Step 05 · Emitting LLVM IR

llvm_emit.cpp is the longest file in this lab, ~150 lines, because it covers nine constructs (literal, variable, neg, binop, cmp, call, if, while, return) plus the module preamble. Highlights:

Memory model

We use the classic mem2reg-friendly pattern: every variable is an alloca and every read/write goes through load/store:

%x.addr = alloca i64
store i64 0, ptr %x.addr
%t = load i64, ptr %x.addr

The frontend never has to compute SSA itself. LLVM's mem2reg pass at -O1 and above promotes the allocas to virtual registers and inserts phi nodes where needed. This separation of concerns (frontend allocates, optimiser promotes) is one of the most important architectural ideas in modern compilers.

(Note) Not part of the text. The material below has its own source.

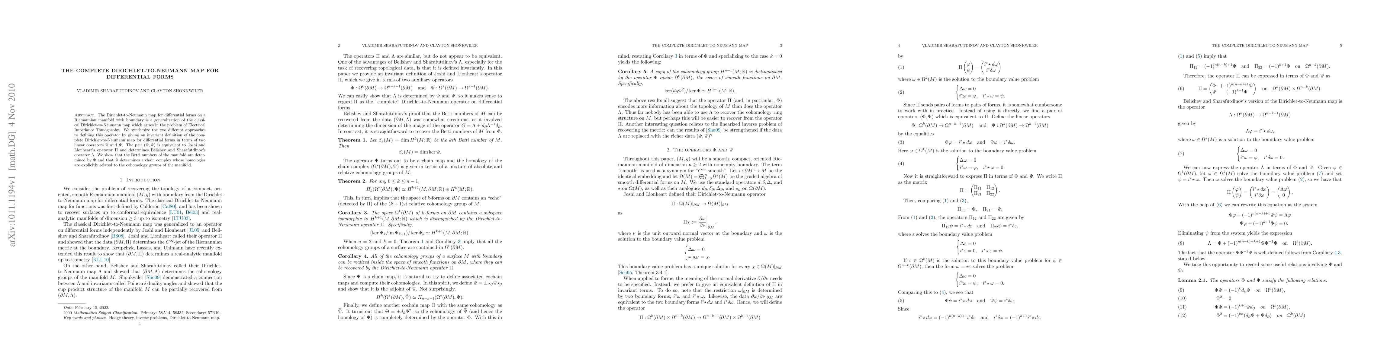 The Dirichlet-to-Neumann map for differential forms on a Riemannian manifold with boundary is a generalization of the classical Dirichlet-to-Neumann map which arises in the problem of Electrical Impedance Tomography. We synthesize the two different approaches to defining this operator by giving an invariant definition of the complete Dirichlet-to-Neumann map for differential forms in terms of two linear operators {\Phi} and {\Psi}. The pair ({\Phi}, {\Psi}) is equivalent to Joshi and Lionheart's operator {\Pi} and determines Belishev and Sharafutdinov's operator {\Lambda}. We show that the Betti numbers of the manifold are determined by {\Phi} and that {\Psi} determines a chain complex whose homologies are explicitly related to the cohomology groups of the manifold.
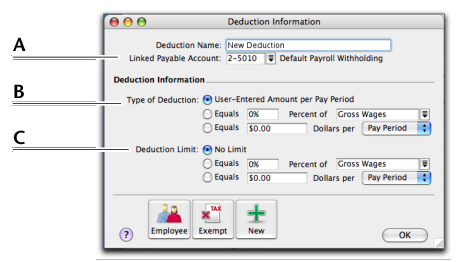 Linked Payable Account is the account (usually a liability account) in which all the deducted money will be accrued. The Default Withholding Payable Account you specified when setting up payroll appears as the default. You should change this default if you want to track the deduction separately. For example, if you are deducting union fees, create a Union Fees Payable liability account. This way, the balance sheet will display the deductions separately from your taxes and other deductions.

Comparisons are i64-valued booleans

%cb = icmp slt i64 %a, %b
%v  = zext i1 %cb to i64

Everything is i64, including booleans. if (...) then re-truncates via icmp ne i64 %v, 0. Wasteful? Yes. Compatible with the rest of the language? Also yes. A real bool type would be cheaper but requires propagating types through every operator.

Functions

define i64 @add(i64 %arg0, i64 %arg1) {
entry:
  %a.addr = alloca i64
  store i64 %arg0, ptr %a.addr
  %b.addr = alloca i64
  store i64 %arg1, ptr %b.addr
  ...
  ret i64 0      ; fallback if no explicit return
}

Each parameter gets spilled to an alloca of the same name. After mem2reg these vanish. The trailing ret i64 0 guarantees every function ends with a terminator even if the user omits return — defensive but not wrong.

Module preamble

target triple = "arm64-apple-macosx"
@.fmt = private unnamed_addr constant [6 x i8] c"%lld\0A\00"
declare i32 @printf(ptr, ...)

The hard-coded triple is for the macOS-on-ARM workstation this lab was developed on. A portable driver would either: (a) drop the triple and let llc pick the host default, or (b) call llvm::sys::getDefaultTargetTriple() via the LLVM-as-a-library route. We chose explicit because it documents the assumed target.

What we don't do

  • SSA construction (mem2reg handles it).
  • Register allocation (LLVM backend).
  • Instruction selection (LLVM backend).
  • Linking object files (clang invokes ld).

We're orchestrating, not reinventing. That's what "use LLVM" buys you.